What are the origins of the solar cluster in Washington? Can we quantify the industry’s current status? What state-level policies influenced solar’s growth? This section will attempt to answer those questions.

INCENTIVIZING SOLAR ADOPTION

In 2005, the Washington state legislature enacted the Renewable Energy Cost Recovery Incentive Program (RECRIP). Taxpayers installing residential renewable energy systems receive either a check or utility bill offset for locally-produced electricity. Reimbursement rates are highest if residents purchased inverters and PV modules from in-state manufacturers. In the same year, Congress passed the Energy Policy Act of 2005, instituting a 30% tax credit to offset taxpayer investments in residential renewable energy systems. These two subsidies created a new payback landscape for solar energy, dramatically improving the attractiveness of solar investments. Washington residents, already exhibiting a strong culture of environmental stewardship, took advantage of the incentives and began purchasing residential solar.

Many excellent publications already examine the value propositions and growing market for solar in Washington. Additionally, detailed descriptions of Washington’s “Renewable Energy System Cost Recovery” program and other solar industry tax incentives can be found online through the Department of Revenue. To avoid redundancy of already-published information, this report focuses in on a few key highlights as well as presenting any updated, unpublished data.

Current Penetration & Market Growth

There is no single source of information to document Washington’s solar installations or production. Therefore this report uses certifications a proxy for installed capacity. A public records request filed with the Department of Revenue returned a total number of individual and community solar certifications issued under the RECRIP, corroborating very closely with nonprofit and trade group estimates. From July 2005 to June 2012, the Department of Revenue (DOR) issued 2591 individual and nine community solar certifications under RECRIP. Participation increased 147% in the three years following.

As of September 23, 2015, the DOR has issued 8,990 individual renewable system certifications and 44 community solar certifications. Assuming each individual solar system averages 5.5 kW in nameplate capacity, residential solar system capacity in Washington stood at 49.45 MW. This is just one-tenth of the nation’s total installed residential capacity. For comparison, 49 MW is roughly equivalent to the generating capacity of the Tacoma PUD’s Alder Dam Powerhouse, providing enough solar energy to power 29,670 homes. Expansive growth is expected to continue into 2016. One manufacturer opined that the state market is likely to expand at a pace of 20 MW/year, or the energy capacity for 12,000 homes a year. This roughly matches 2014 and 2015 installation trends.  

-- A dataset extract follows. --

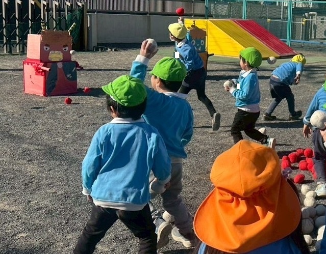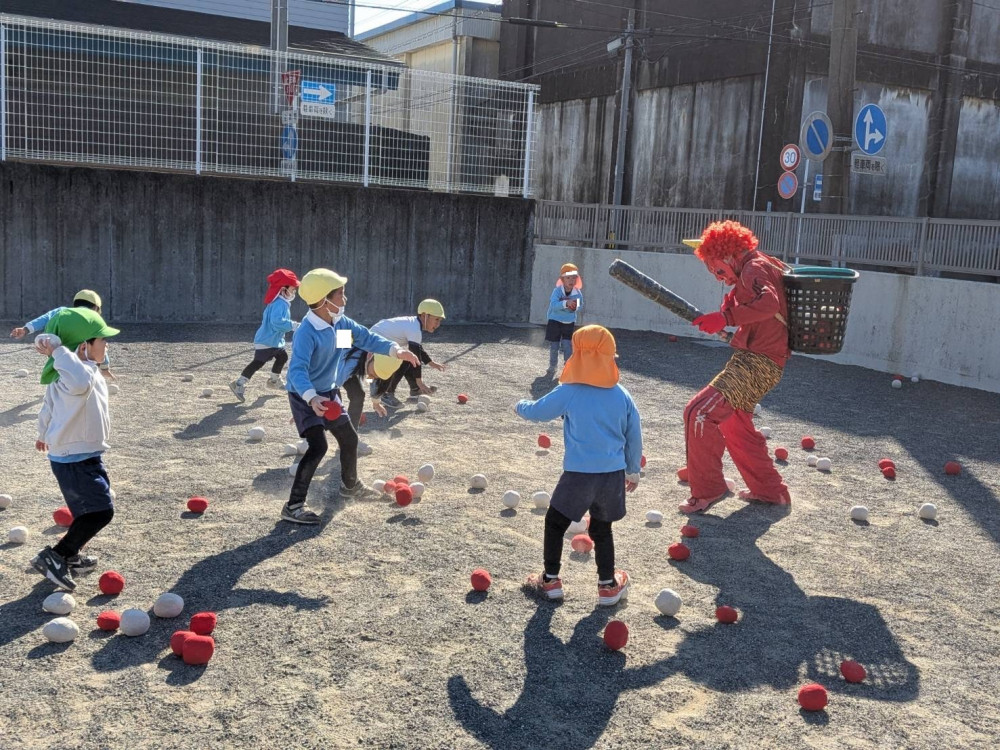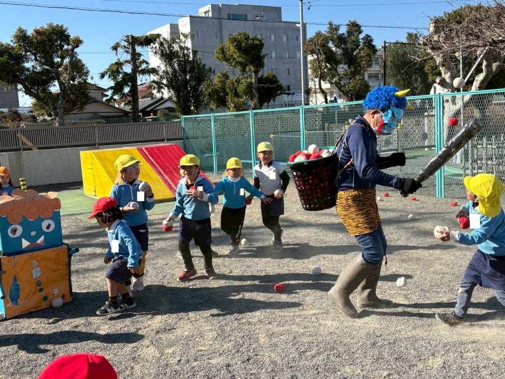 節分会をしたよ!! 2026年02月04日 共通 今日は👹節分会👹でした❗お集まりをして節分の紙芝居を見たり、鬼の嫌いな柊の葉やめざしについても教えてもらいました❗❗ダンボールで作った鬼にボールを当てるゲームを楽しんでいると後ろから👹鬼👹が😅😅すぐに鬼に向かってボールを投げている子がたくさんいました🌟👍👹👍🌟「鬼は外❗」と大きな声で言いながらボールを投げている子も✨✨怖かった子もよく頑張りました👍😁👍午後にお部屋の中で豆まきもしましたよ❗❗帰りは家にも鬼が来るかな❓という話で子どもたちは盛り上がっていました😆
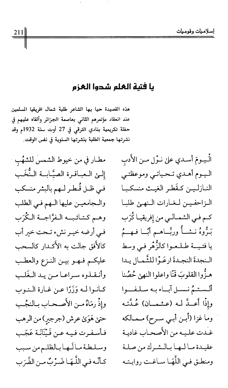 هذه القصيدة حيا بها الشاعر طلبة شمال افريقيا المسلمين عند انعقاد مؤتمرهم الثاني بعاصمة الجزائر وألقاه عليهم في حفلة تكريمية بنادي الترقي في 27 أوت سنة 1932م وقد نشرتها جمعية الطلبة بنشرتها السنوية في نفس الوقت.

The RECRIP program has incentivized residents expedite their decision to buy solar, as systems installed earlier benefit from a longer time horizon of payback. Interest in the program has been steadily growing. A public records request filed with the DOR revealed public utility tax credits claimed each year since 2005. (The public utility tax credits are directly equal to the production incentives paid to Washington residents, as the utilities are a pass-through entity for this state program.) DOR records show that utility payments have risen nearly 90% each year since 2007. As of September 23, 2015, Washington’s state budget has forgone $17,023,303 in public utility tax receipts. The state has spent that sum instead on payments for electricity generated through certified renewable systems, the bulk of which are residential rooftop solar systems.

A third metric to assess PV market strength in Washington is through net metering participation. Under the state’s current policies, all utilities are required to make 0.5% of their peak demand available to net metering systems. Though that cap might suffice most utilities in present day, four utilities are already near to the 0.5% allotment: Seattle City Light, Puget Sound Energy, Jefferson County PUD, and Clallam County PUD. As net metering is available on a first-come, first-serve basis, many consumers will be dis-incentivized to purchase solar as the return on investment drastically differs without net metering. Some consumers quickly understood the environmental and economic value proposition and made the investment. At one public workshop, Seattle City Light (SCL) reported overseeing about 50 rooftop solar installations a month in 2015, up dramatically from former years where annual installations were in the double digits. Puget Sound Energy has likewise seen a dramatic increase in grid-connected solar installations over the past five years. SCL’s net metering cap is $4.01M, or 20 MW, which they expect to hit by June 2016. After the cap is reached, SCL plans to allow new solar consumers into incentive payments by tapering rates for all. Even though not legally required to do so, SCL is also generously allowing new PV customers to participate in net metering. PSE’s net metering cap is 50 MW, an estimated $10.1M. As of 2013, PSE’s net metering participation levels stood at 10.8 MW. If truly near their cap, around 39.2 MW of consumer generator capacity was added in 2014 and 2015.

PV market growth is evidenced along the entire supply chain. One local PV installer, having operated 14 years in Puget Sound, reported a twofold increase in demand for their services over just the past two years. This installer shared that Washington-made inverters and panels are keeping up with demand. However there is a shortage of electricians, slowing down the process of connecting PV system installations to the grid. Other potential roadblocks in the supply chain, be it permitting, installer skills, or rainy weather were not current issues.  

The solar advocacy group SEIA reported 2,400 jobs created in Washington as of 2014. Though the Bureau of Labor Statistics does not have a NAISC code to track solar jobs specifically, two short-cut heuristics might provide alternative estimates. Method A: According to a Congressional report on PV manufacturing, one-fifth of all solar energy sector jobs are related to manufacturing, with the remaining in sales and distribution, finance, research and development, and installation. This 20 percent ratio is corroborated by Census publications on enterprise-level jobs. In 2011, a total of 55.8 million were employed across all industries, and of that, 12.2 million worked in the manufacturing sector. Using a 1:5 ratio and an estimated base of 625 manufacturing jobs gathered through primary and secondary research, a “best-guess” number of 2015 solar jobs in Washington is 4,380. One Washington energy specialist uses a ratio of 3 installation jobs for every 1 job created in manufacturing. A quick calculation using that 1:3 ratio returns 3,163 installation jobs.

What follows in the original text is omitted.